Alternatively, RNAs reverse-transcription to generate a cDNA
library can be carried out in a targeted manner, i.e., using
specific primers and thereby creating a cDNA library of custom
sequences only.
[0257] In one embodiment, generating a library of cDNA, in
particular reverse-transcribing RNAs, leads to nucleotide
substitution. Such nucleotide substitutions occur randomly in a
small number on any reverse-transcribed RNA, in absence of chemical
modification. However, an upsurge of such substitutions is observed
during reverse-transcription of RNAs which were previously
labelled, and further chemically-modified by techniques such as
alkylation, oxidative-nucleophilic-aromatic substitution,
osmium-mediated transformation or the like, as described
hereinabove. This upsurge of substitutions is illustrated in the
"Examples" section further below.
[0258] Amplifying the cDNA library can be carried out by methods
well-known to the one skilled in the art.
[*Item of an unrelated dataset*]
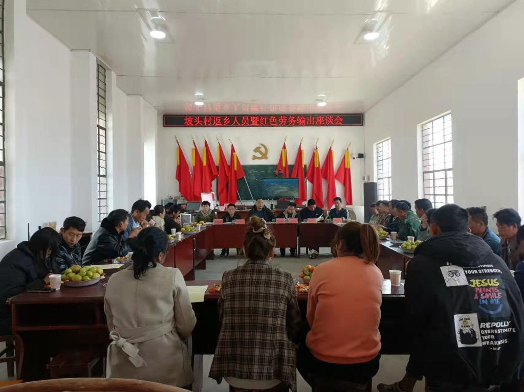 召开座谈会,提振务工信心。年前年后将近一个月的时间,坡头村先后组织全体在外务工返乡人员及有意向外出务工人员集中召开坡头村返乡人员暨红色劳务输出座谈会。通过村干部及驻村干部的讲解动员、外出务工返乡人员的经历分享、观看微电影《红红的幸福》,用剧中主人翁怀揣着对美好生活的向往,通过“红色劳务”输出,凭着踏实肯干的工作热情,在外地企业成长起来的“亲身经历”告诉群众:“只要有梦想,只要肯走出去,‘红色劳务’能最大限度上为你解决后顾之忧,创造属于自己的幸福生活。”

[0259] Amplification of the cDNA library can be carried out in a
random manner, i.e., using random primers and thereby amplifying
the whole or major part of the cDNA library. Alternatively,
amplification of the cDNA library can be carried out in a targeted
manner, i.e., using specific primers and thereby amplifying only
custom sequences in the cDNA library.
[0260] Sequencing the cDNA library can be carried out by methods
well-known to the one skilled in the art. In one embodiment,
sequencing the cDNA library is carried out by Next Generation
Sequencing (NGS), deep sequencing or targeted sequencing of custom
sequences.
[0261] Methods for NGS are known to the one skilled in the art, and
comprise, but are not limited to, paired-end sequencing, sequencing
by synthesis, single-read sequencing.
[0262] Platforms for NGS are available, and include, but are not
limited to, Illumina MiSeq (Illumina), Ion Torrent PGM
(ThermoFisher Scientific), PacBio RS (PacBio), Illumina GAIIx
(Illumina), Illumina HiSeq 2000 (Illumina).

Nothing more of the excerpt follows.